• DESCRIPTION OF THE TASK: Please repeat only the lines below starting at the line that holds "Explore Medium Re-nylon" and ending at the line that holds "6) 5/24 + (-7/8)", exactly, with both of those lines included and every picture omitted.

• RAW DATA:
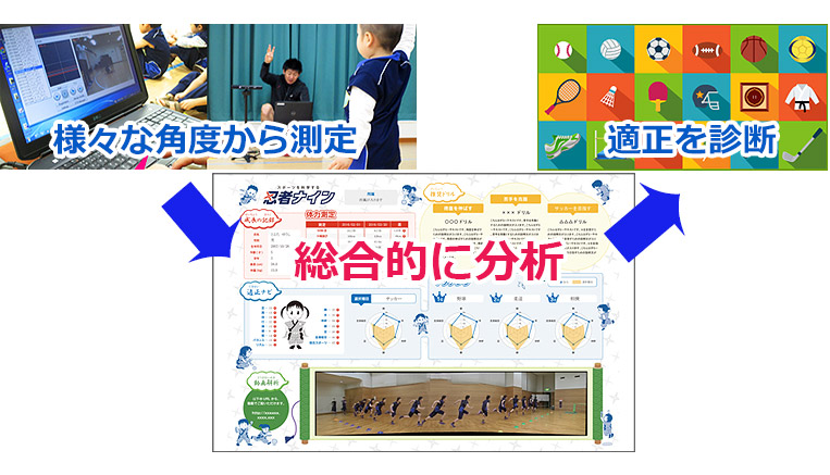 様々なプロスポーツ選手の分析結果データと照合し、どんな競技に向いているかを診断します。
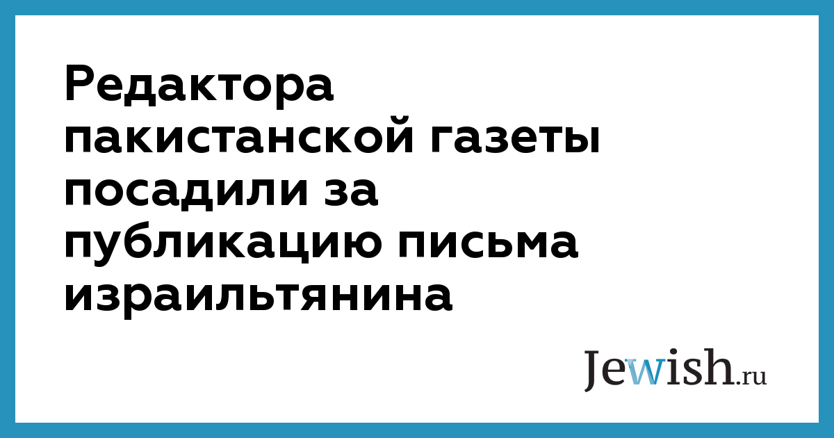 Редактора пакистанской газеты посадили за публикацию письма израильтянина
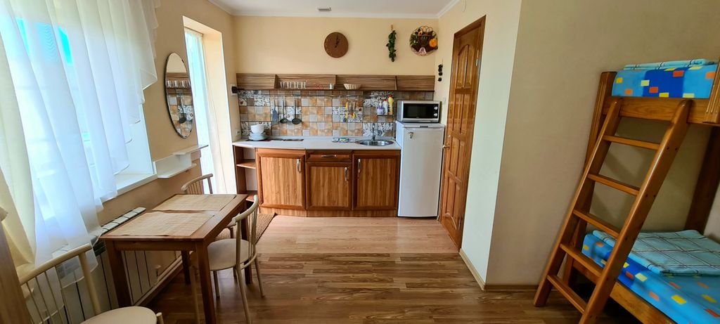 Гостевой дом «Виктория» расположен в одном из самых удобных для отдыха районов города Ейска, на пересечении улиц Гоголя и Морской, в 150 м от Азовского моря. Очень тихий и спокойный район, рядом вся развлекательная инфраструктура: Таганрогская набережная, прогулочные аллеи, детские аттракционы, дельфинарий, океанариум, столовые и кафе, магазины, парк отдыха им. И. М. Поддубного. Номерной фонд – 5 двухкомнатных номеров класса полулюкс. Все номера изолированы друг от друга, с отдельным входом и приусадебным участком, выполнены в евро-стиле со всеми удобствами и сочетают в себе современный стиль и комфорт. Полностью оборудованные ванные комнаты в номерах (душевая кабина, унитаз, раковина), укомплектованы всеми необходимыми косметическими и гигиеническими средствами. Для благоприятного и уютного проживания гостей номера снабжены климатическими установками (настенные сплит-системы), удобными кроватями, современной мебелью, телевизорами, холодильниками, интернетом Wi-Fi. Горячая и холодна
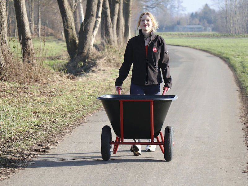 Det pulverlackerade underredet och luftgummihjulen (400/100 mm) säkerställer lång livslängd och underlättar transport av olika material.
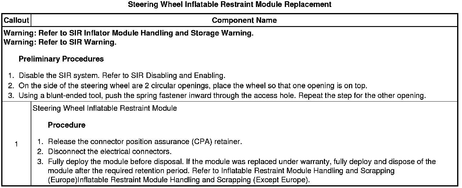Steering Wheel Inflatable Restraint Module Replacement
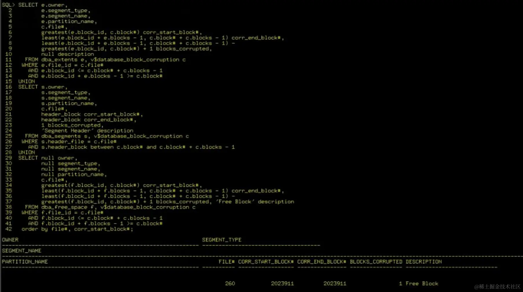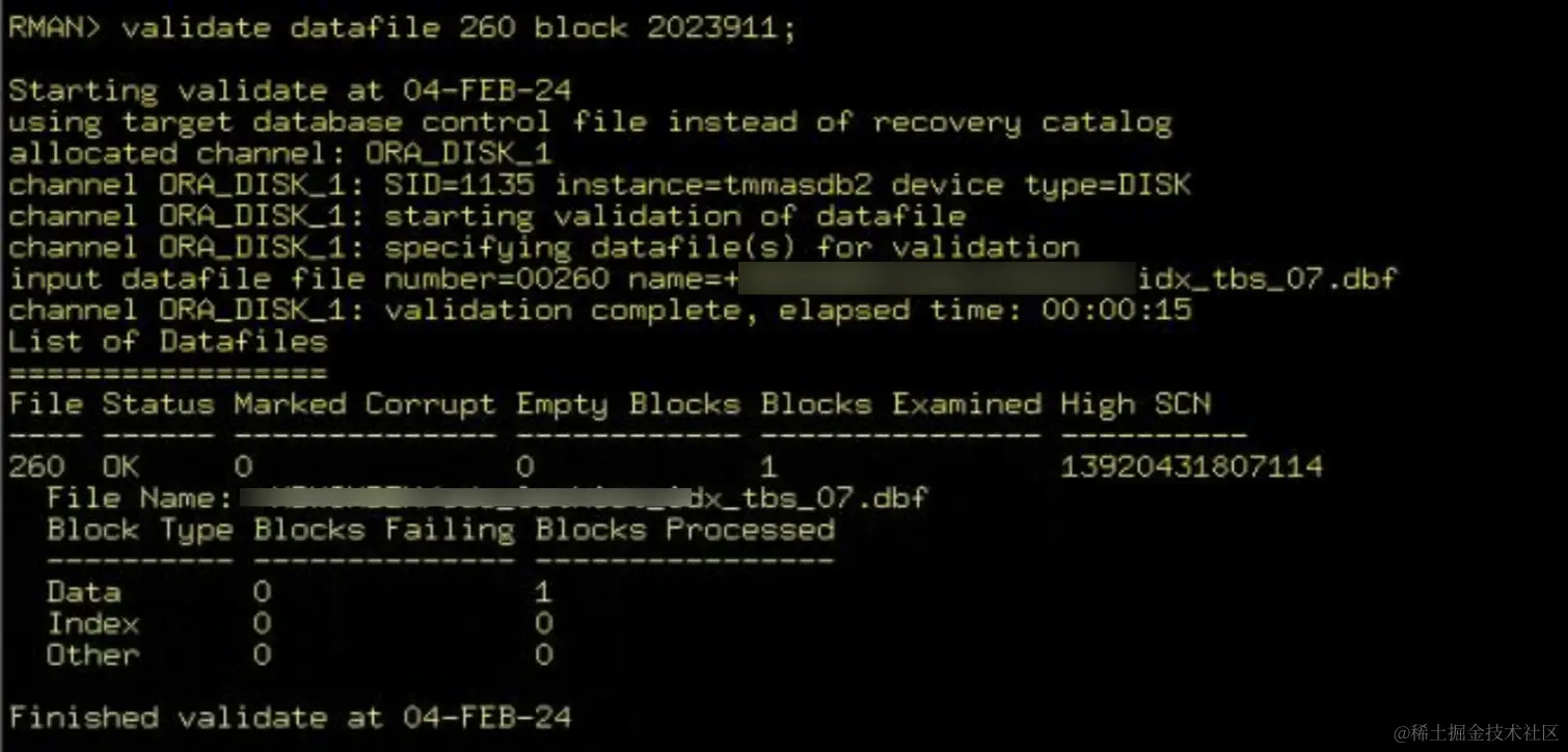 ORA-19566报错来看,基本定位为坏快造成的,确认当前使用的数据库为Oracle 11.2.0.4.0 RAC,通过以下查询确认坏快信息
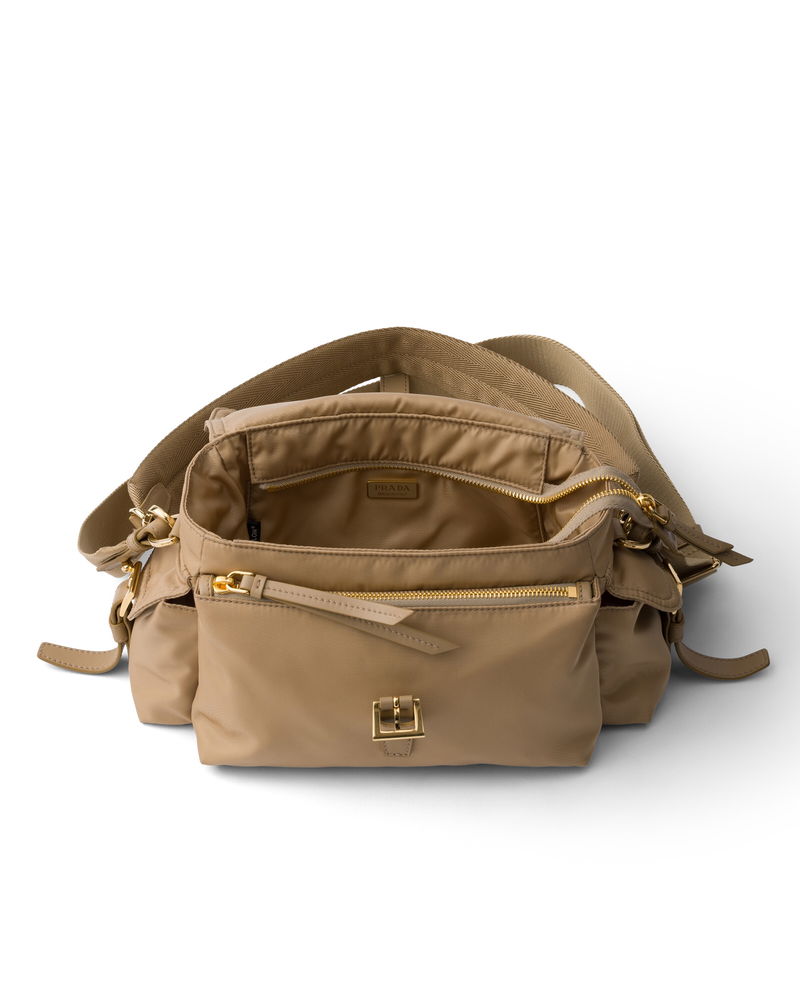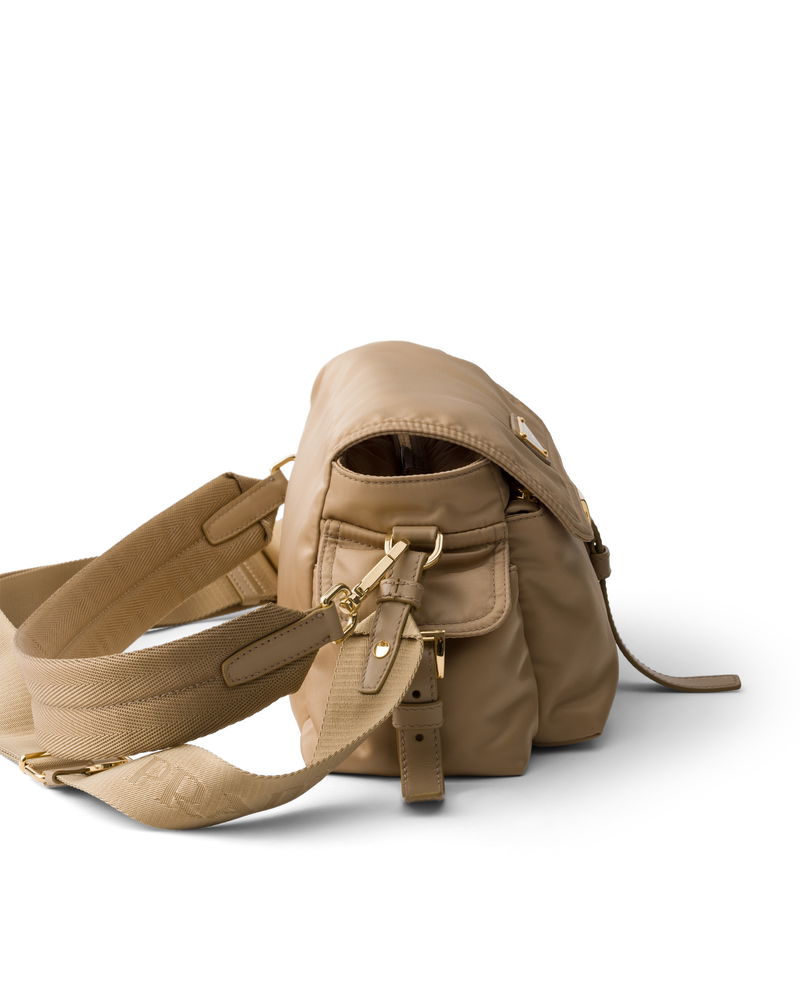 Explore Medium Re-nylon Shoulder Bag With Flap, Woman, Camel Brown
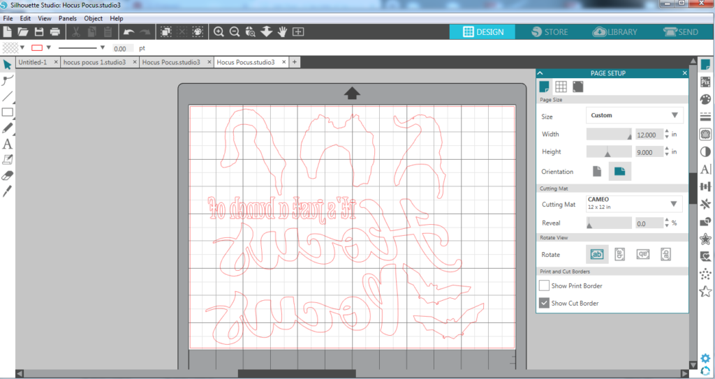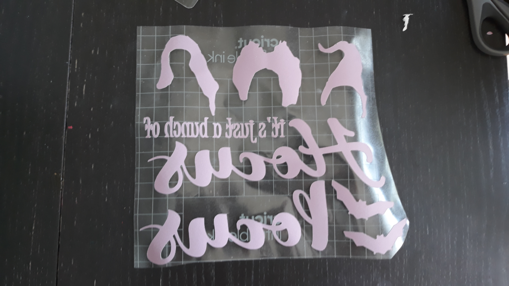 First off create your design. You can get the cut file for my Hocus Pocus shirt here. Be sure to mirror your design (just like you would do with HTV).
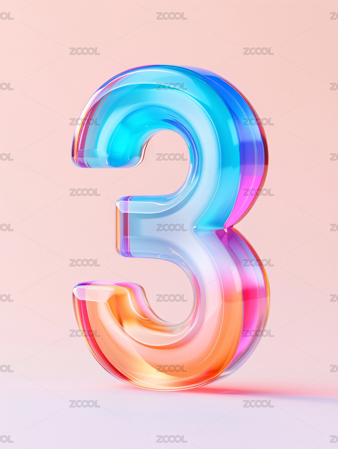 倒计时数字3三维插画
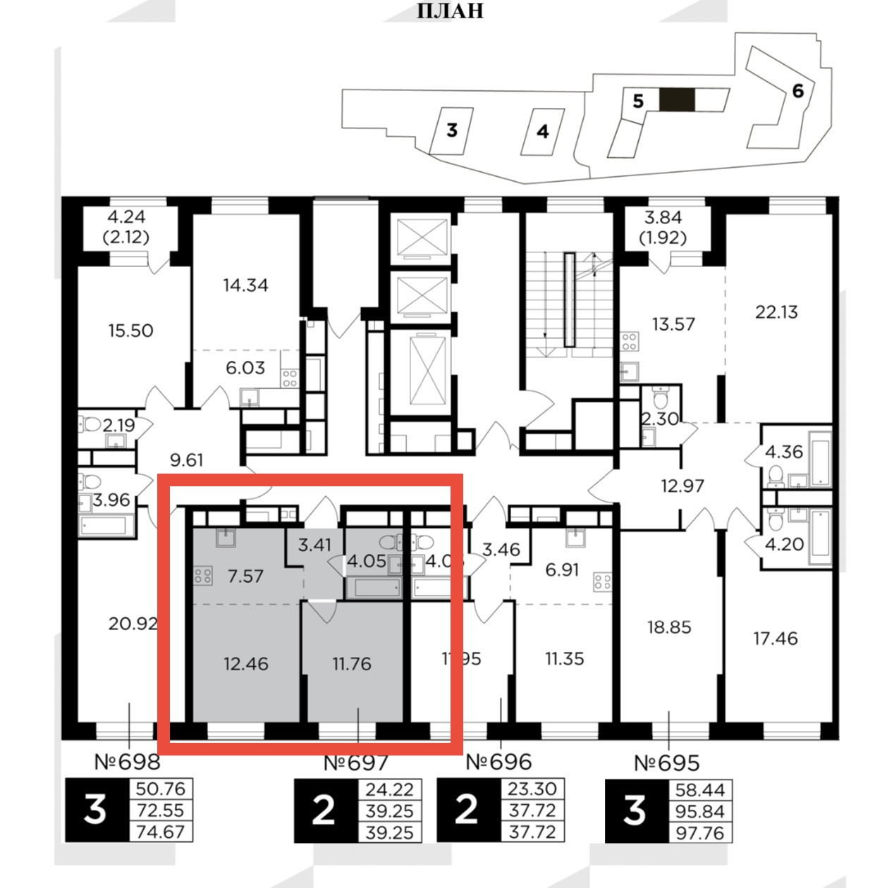 «КутузовGRAD 2”, общей площадью 39,3 кв. м, расположена в 5 корпусе на 11 этаже.
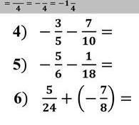 6) 5/24 + (-7/8) = 5/24 - 21/24 = -16/24 = -2/3
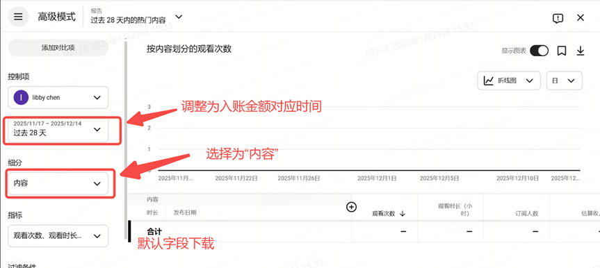 【数据分析】-【高级模式】,细分选择“内容”的详细数据数据,点击下载。格式需为压缩文件。

• RESPONSE TO THE TASK:
 Explore Medium Re-nylon Shoulder Bag With Flap, Woman, Camel Brown
 First off create your design. You can get the cut file for my Hocus Pocus shirt here. Be sure to mirror your design (just like you would do with HTV).
 倒计时数字3三维插画
 «КутузовGRAD 2”, общей площадью 39,3 кв. м, расположена в 5 корпусе на 11 этаже.
 6) 5/24 + (-7/8) = 5/24 - 21/24 = -16/24 = -2/3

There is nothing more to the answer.